Friday, March 1, 2013

For the first time.

so the A-level results came out today.

i'm really happy for the friends and family who did well, they really deserve it! as for the friends who didn't get what you wanted, i honestly hope you never give up hope. it's not going to be easy, you might have a lot to deal with, decisions to make but you'll get through it eventually and there will always, always be a way.

it's not the first time i'm watching the results being given out, but somehow today was a lot more personal than i had expected. guess it's cause almost all my closest friends and family were taking their results today, i dare say i was more nervous than half of my friends which is pretty much ironic considering my position.

watching them today was a lot harder than i thought it would be. it's pretty much a good reminder that you're a year behind, and of the fact that all your friends are moving on to bigger things in life. yeah, they're still your best/close friends but they're moving on and you're still here waiting for the exact same thing to happen to you 1 year from now.

i got scared today, really scared for once. scared for them, but more so for myself. after watching everything i seriously do worry for me. i know the purpose of seeing the J3s get their results is suppose to be a sort of a motivation to wanna do well, and to work hard. but is it weird if i say that after seeing them all i can feel is how terrible it would be if i don't make it, if i end up with U's on the cert.
Somehow i don't feel motivated, i feel scared. And this fear, it doesn't motivate me, it just makes me feel really lost and frustrated with myself. For the first time in these past 3 years, i wonder if i did the right thing staying.

i'm not setting high goals. just small ones, a little at a time in fact. but the more i look at it, the more worried i get. i'm not sure if i'll get there in the end or if me being so stubbornly fixed on what i believe i can achieve these past 3 years will get me anywhere near there. sheer determination alone doesn't work, not always. and i saw that clearly today.

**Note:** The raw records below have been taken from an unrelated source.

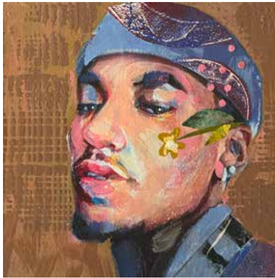
Acrylics, collage, deconstructed stencils, ephemera, paint skins
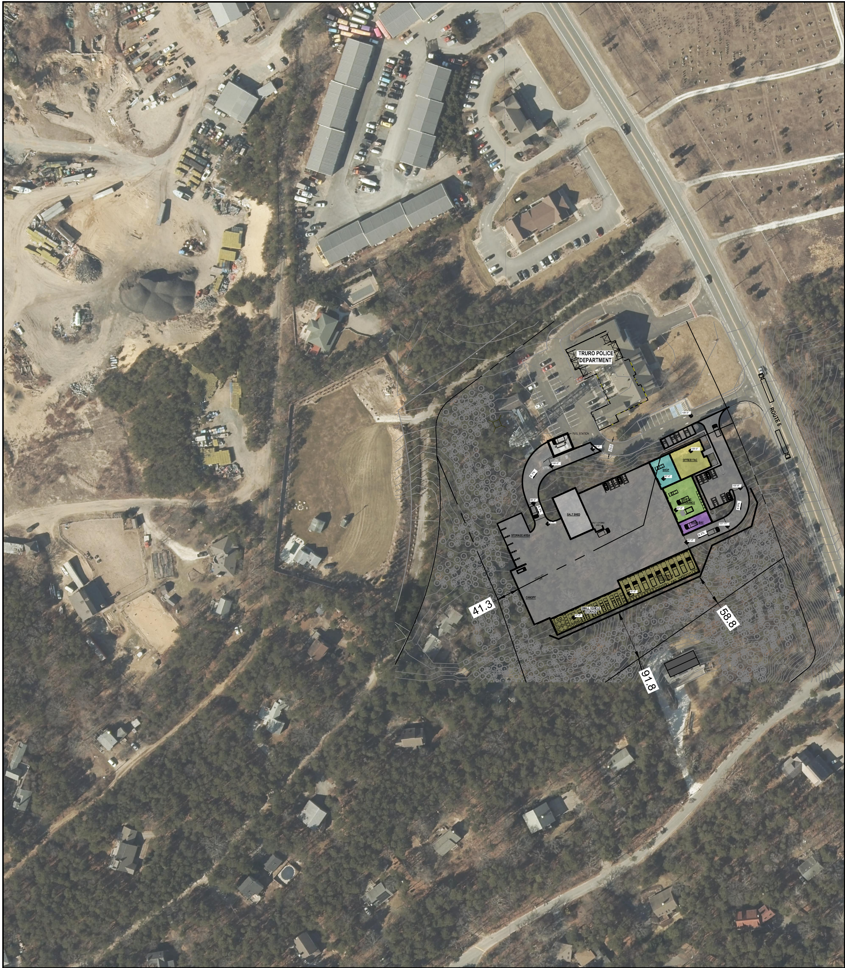
SITE LAYOUT - OPTION 1
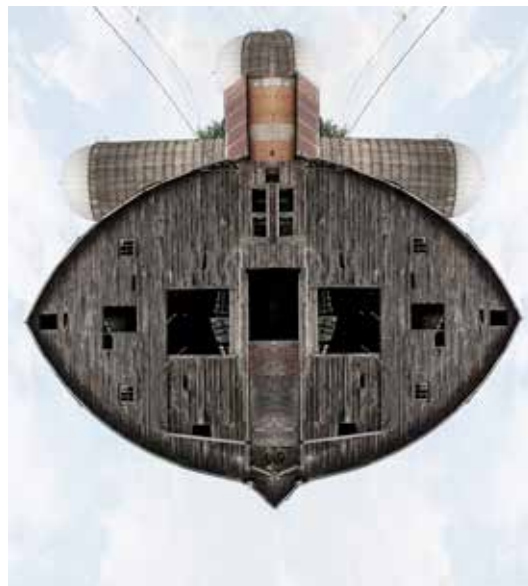
Sami Al Turki Chatem Barn, 2013 Pigment print 120x130 cm
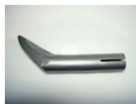
Tacking Tip LE106996
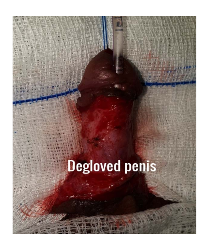
Figure 3. Degloved penis.

i know that there will be "options" regardless of how i end up a year from now, i know that. but knowing it doesn't mean i'm going to fine with getting any kind of results a year from now.
at the very least i would like to do well for me, or for my family and whoever else whose is kind enough to believe in me. 

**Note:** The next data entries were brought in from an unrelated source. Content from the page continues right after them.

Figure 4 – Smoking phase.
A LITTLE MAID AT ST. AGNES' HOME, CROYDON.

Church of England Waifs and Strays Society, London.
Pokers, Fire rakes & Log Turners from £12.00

i did the math properly today, what it would take for me to get that 80 points i would like to have. and of all the possible outcomes of grades i could think of, the only thought in my head was: even if i give it my all, i may not even get close to achieving this. 
when that happens and if that happens, what then?

everyone tells me one step at a time, that i still have so much time to make a difference. 
yeah, i do have time to make a difference but has anyone ever wondered what if at the end my difference is so insignificant that it wouldn't even matter...

they all say i think too much, that i think too far. 
but when you've repeated a year, fought against everything to believe that you choose right and be lucky enough to have people give you second chances, all this worry doesn't seem so absurd anymore does it?

1 comment:

  1. Hello dear.
    Hope you're doing fine. Yes, the road ahead is going to be a lot tougher but don't ever give up yeah. We'll always be there supporting you all the way. Chin up girl! And continue fighting! Love you!